What did @trtsgtmaj2 actually say?
The creator walked through their personal testosterone self-injection routine, emphasizing subcutaneous (subQ) injection into the glutes and a technique called "backfilling" an insulin syringe with oil drawn from the vial using a larger needle. They recommend drawing "way more oil than what I need" as a buffer for mistakes, and stress that you cannot draw viscous testosterone oil through a small insulin needle directly. The tutorial is conversational, based on personal experience, and invites viewers to share their own methods. There is no dosing information given, which is notable. The advice is procedural rather than medical, but it reaches tens of thousands of viewers who may be self-injecting without clinical supervision.
The core claims: subQ glute injections work, backfilling is a valid technique, insulin needles cannot draw oil efficiently, and drawing excess volume reduces injection errors. Let's look at each of those.
Does the science back this up?
SubQ testosterone injection is legitimately supported by research, and backfilling is a widely practiced technique with reasonable logic behind it. The evidence for subQ administration has grown substantially in the last decade.
A 2017 study by Kaminetsky et al. in Journal of Clinical Endocrinology and Metabolism found that subcutaneous testosterone cypionate produced stable serum testosterone levels comparable to intramuscular delivery, with potentially lower peak-to-trough variability. The subQ route is increasingly used in clinical practice precisely because it is less intimidating and easier for patients to self-administer. The glute as a subQ site is less conventional than the abdomen or thigh, but it is used in practice.
Backfilling, the act of pushing oil into an insulin syringe from the back rather than drawing it through the fine needle tip, is a well-documented workaround in patient communities and is acknowledged in pharmacy and nursing literature on viscous injectables. The physics are sound: fine-gauge needles create high resistance to thick oil. Drawing directly through a 28 or 29-gauge insulin needle is genuinely impractical with testosterone in an oil carrier.

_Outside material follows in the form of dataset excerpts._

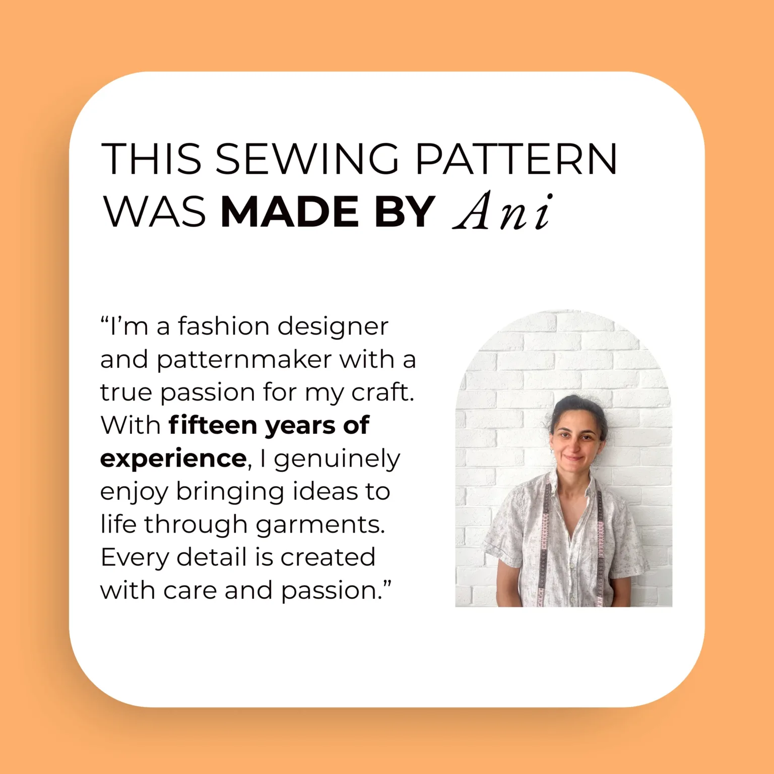 The pattern is available in sizes XXS to XXXL, covering a range of body types. It also includes a 3/8” (1 cm) seam allowance, saving you time during the cutting process. The Asymmetrical Vest is designed with flattering front princess seams and back darts, ensuring a structured fit. This half-vest design is perfect for layering over shirts, blouses, or dresses, making it a must-have in your handmade wardrobe.
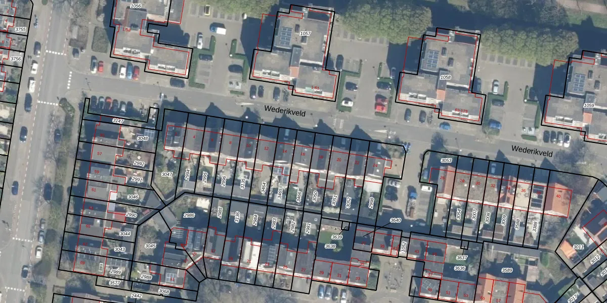 Wederikveld 16 is gelegen op kadastraal perceel WDN01D3466. Deze kadastrale aanduiding is uniek en wordt gebruikt door het Kadaster om eigendomsrechten en andere zakelijke rechten vast te leggen. Het perceel maakt onderdeel uit van de kadastrale gemeente Woerden.
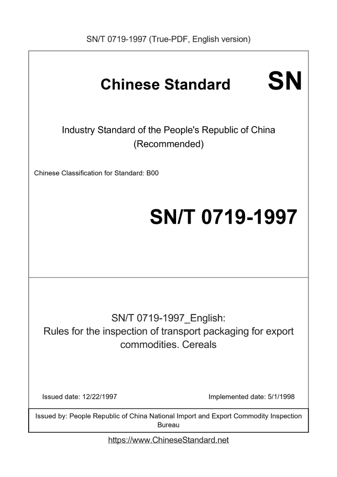 | SN/T 0719-1997 | English | 489 | Add to Cart | 3 days [Need to translate] | Rules for the inspection of transport packaging for export commodities. Cereals |
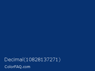 Decimal 10828137271 Color is a dark blue color and the nearest color is Catalina Blue #062a78. Hex code #073271 and RGB value is rgb(7,50,113). In RGB color space, this color is composed of 3% red, 20% green, 44% blue, In CMYK color space, this color is composed of 94% cyan, 56% magenta, 0% yellow , 56% black , In HSL color space, this color has a hue angle of 216° , 88% saturation and 24% lightness.
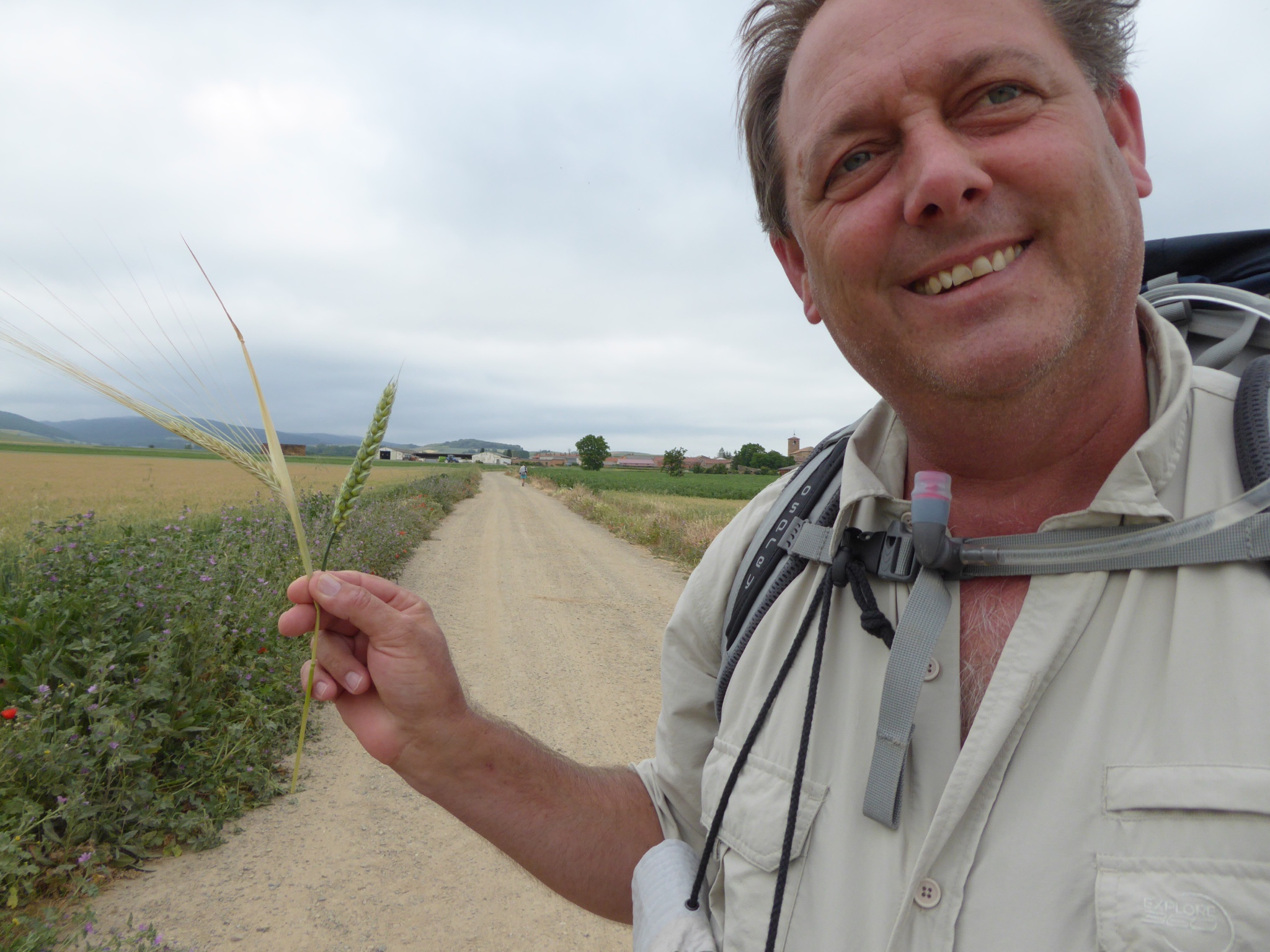 On the outskirts of town we stopped and I zipped the legs back on my pants – they’d been in my pack for a few days now as we had been super hot. I also put my rain jacket on as the clouds were quite dark and I’d sent my other hiking jacket on to Santiago in my pack declutter. We climbed our first hill and husband sat in deep contemplation.

What did they get wrong (or right)?
They got the core technique right. Backfilling is not a fringe hack. It is a practical solution to a real problem with viscous oil-based injectables. The instruction to avoid putting the plunger in before reinserting into the vial to prevent spillage reflects genuine hands-on experience. Credit where it is due.
However, there are real omissions worth flagging. The creator does not mention needle recapping safety or disposal, both of which are relevant when you are handling two needles. The instruction to clean the vial top and injection site with alcohol swabs is correct but incomplete: the CDC and WHO injection safety guidelines recommend allowing the alcohol to dry fully before injecting, a step not mentioned here.

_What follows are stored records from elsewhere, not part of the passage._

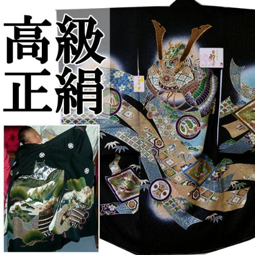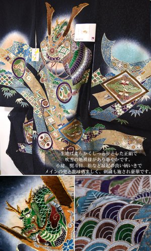 産着 初着 祝い着 男の子 着物 /S7黒・兜
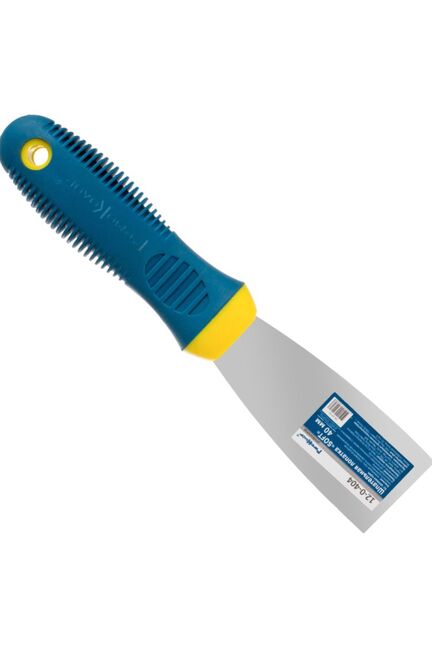 Нержавеющая сталь, полированная рабочая поверхность усиленного полотна, прорезиненная двухкомпонентная рукоятка. Применение: для нанесения строительных смесей, сглаживания и выравнивания шпаклевочного слоя. Зеркальная нержавеющая сталь, комфортная 2К-ручка, ширина 40 мм — профессиональный выбор для шпатлевки и отделочных работ в трудных местах.
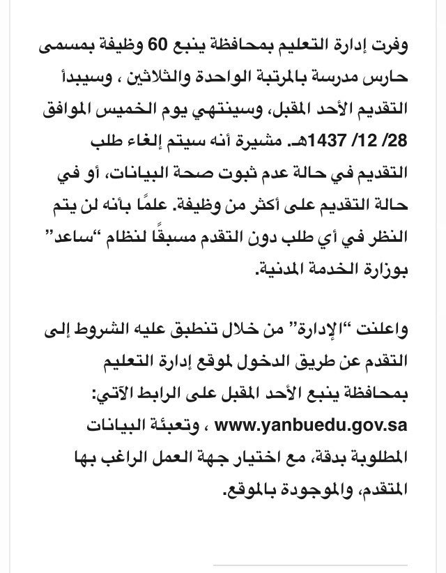 وظائف حراس مدارس 1437. وظائف حراسة أمن وظائف الحراسة والأمن في السعودية. وظائف شاغرة لحراس المدارس بتعليم حائل. 24 ذو الحجة 1437 هـ ويستمر لخمسة أيام مع أهمية تحري الدقة في تعبئة البيانات حيث سيتم استبعاد الطلبات الغير مستوفية الشروط المعلنة. طريقة التقديم من خلال الرابط التالي اضغط هنا.
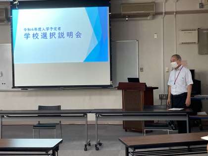当初、学校公開のあと、説明会を開催させていただく予定でした。緊急事態宣言中のため、生徒の授業をご覧いただくことはできませんでしたが、事前予約していただいたみなさんは、学校長の説明を熱心にお聞きいただきました。
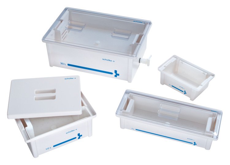 Les bacs de désinfection Schülke également appelés bacs de décontamination et bacs de trempage sont utilisés dans la dentisterie pour la désinfection des instruments de soins par immersion.
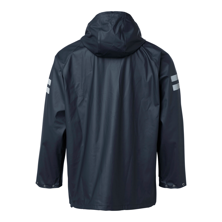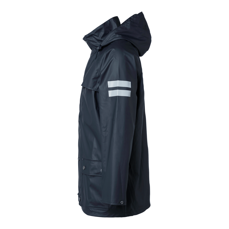 Regnjakke 80 cm i glatt stretchmateriale med sveisede sømmer. To frontlommer med klaff, glidelås med klaff og trykknapper, og hette med snøring. Justerbare mansjetter for optimal passform.
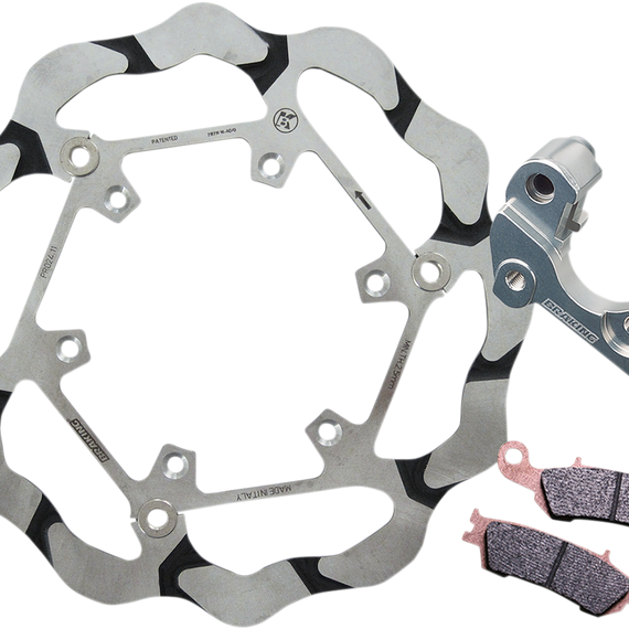 Caracteristicas: Kits include a semifloating disk S3 Batfly series rotor and bracket for OEM caliper and a set of sintered CM46 pads The rotor's outer braking track is separated in three areas from the carrier to give it a semi-floating design; this allows for heat dissipation and also limits the instant feeling of a stopped wheel when the brake is applied
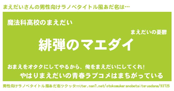 | ヒーロー風カッコイイあだ名 | 『超時空戦士マエダイ』『仮面マエダー』 |
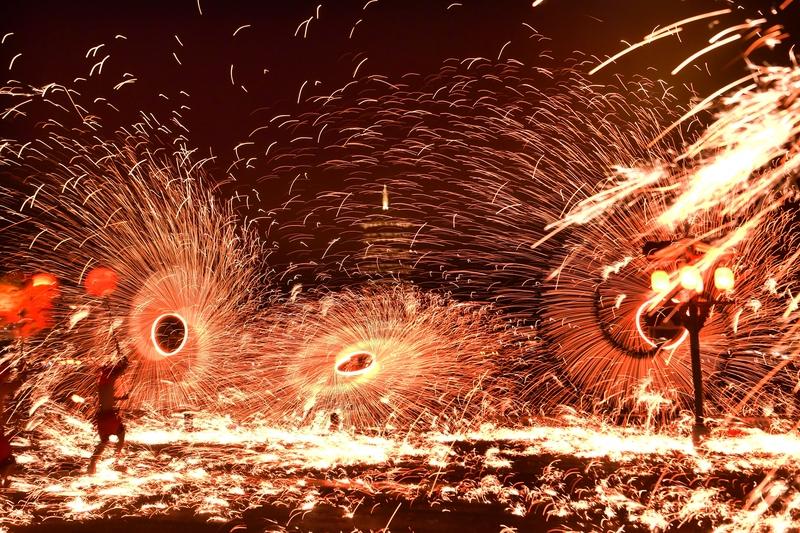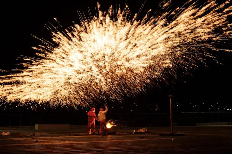 在山西过年,烟花是绕不开的浪漫。夜幕降临,古城墙灯笼亮起,陈醋与炸年货的香气弥漫,烟花升空,“火树银花落,万点星辰开”,山西的年瞬间鲜活起来。 大同古城墙下,春节时游客和游子齐聚。烟花冲向夜空,站在御河西路,能看到烟花与古城墙同框,历史与现代对话。晋中“南庄架火”,靠老艺人代代相传的手艺,十几米高架火悬在空中,绽放是对传统的致敬。 而忻州古城的打铁花更炽热。匠人们将1600℃铁水击向夜空,金色铁花如流星雨,“东风夜放花千树”。那些匠人身上的烫伤疤痕,是“年的印记”。在山西过非遗焰火年,太有氛围感了!
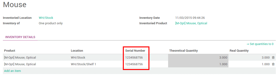 Cuando realice un inventario clásico, hay una columna Número de Serie. Si el producto ya le ha sido asignado un número, ya esta pre-llenado.

More significantly, "subQ in the glutes" is a somewhat imprecise anatomical target. The glute has variable subcutaneous fat depth depending on body composition. Injecting too deep in a lean person at that site risks intramuscular delivery, which changes absorption kinetics and may increase local irritation with oil-based testosterone. A 2020 review by Kohn et al. in Sexual Medicine Reviews noted that subQ injection sites with more consistent fat depth, like the lower abdomen or lateral thigh, tend to produce more predictable absorption.
What should you actually know?
SubQ testosterone delivery is clinically legitimate and increasingly preferred in patient-centered TRT protocols, but technique details matter more than this video acknowledges. A few things worth knowing:
- Allow alcohol to dry for at least 30 seconds before injecting. Wet alcohol can carry surface bacteria into the injection site and cause stinging.

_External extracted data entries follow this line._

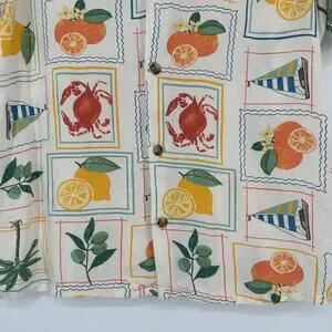 - Allover retro postcard-style print featuring citrus fruits, palm trees, sailboats, leaves, and red crabs in colorful framed blocks
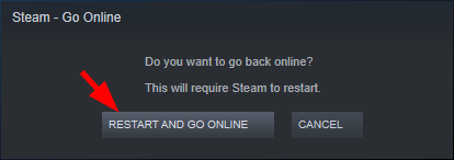 - Нажмите Перезапустить и перейти онлайн, затем дождитесь перезагрузки клиента Steam.
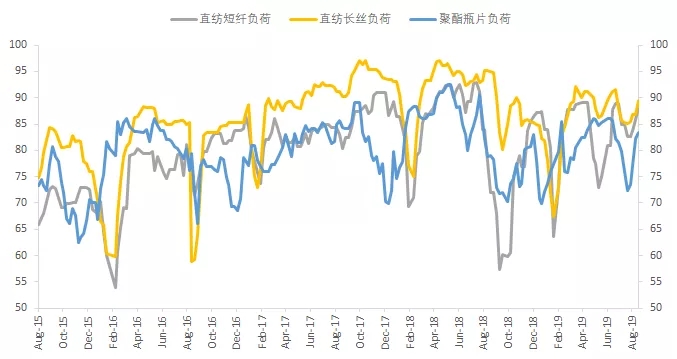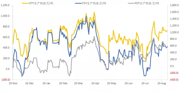 ????????最近聚酯產(chǎn)業(yè)鏈下游利潤和開工率齊升,說明終端對聚酯的需求還不錯,上游讓渡的利潤也盤活了下游企業(yè)。長絲的產(chǎn)銷最近也有所回升,8月份平均產(chǎn)銷率為83%,基本上與去年同期持平,反觀7月份的平均產(chǎn)銷率只有55%,8月份下游真的是有很大起色,但是上游PTA毫無起色。
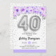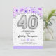 40th birthday party invitation. Elegant design in faux glitter silver with floral accent. Invite card with silver number 40 balloons, script font with confetti. Pastel purple, lavender and white. Perfect for a stylish fortieth bday celebration. Message me if you need custom age.
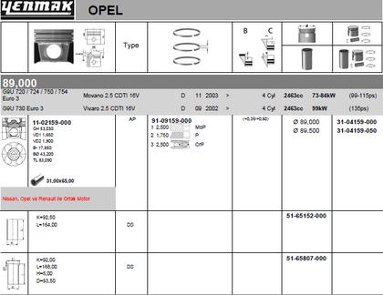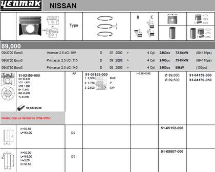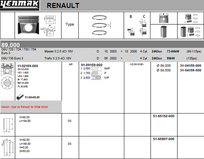 Поршень Yenmak для Renault Master II 2001-2010. Артикул 31-04159-050
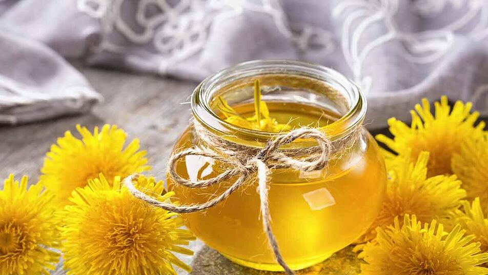 - Das Grün von den Löwenzahnblüten entfernen. Nur die gelben Blätter auslösen. Die Hälfte der Blätter (150 g) mit 800 ml Wasser in einem Topf aufkochen, 5 Minuten kochen lassen und gelegentlich umrühren. Danach vollständig abkühlen lassen.
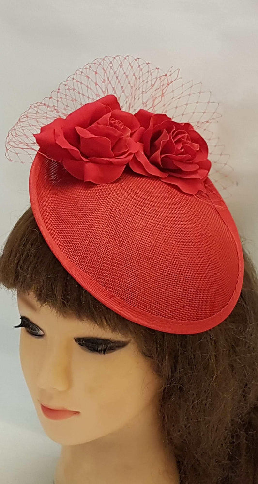 FASCINATOR,Red Hat with red Roses. Wedding,Church hat Fascinator Goodwood,Kentucky derby hat, Cocktail ,Ascot Hat , Autumn/Winter Fascinator

- The backfilling technique is valid, but the larger drawing needle should be replaced or at minimum handled carefully to avoid contamination before use as a drawing tool into the syringe barrel.
- SubQ glute injections are feasible but not the most anatomically consistent subQ site. The lateral abdomen or thigh provides more predictable fat depth for most people.
- "Drawing more than you need" as a mistake buffer is understandable advice, but accurate dosing matters clinically. Eyeballing a slightly-over-filled syringe and then pushing out excess is acceptable if you are precise about your final volume marker.
- Testosterone vials are multi-use. Maintaining sterile technique, including not touching the cleaned stopper and using a new needle each time, is not optional. Contaminated vials have caused serious infections in documented case reports.
This video is a useful peer-to-peer walkthrough for people already on a prescribed TRT protocol. It should not substitute for instruction from a prescribing clinician or pharmacist. If you are starting TRT for the first time, ask your provider to walk you through injection technique directly.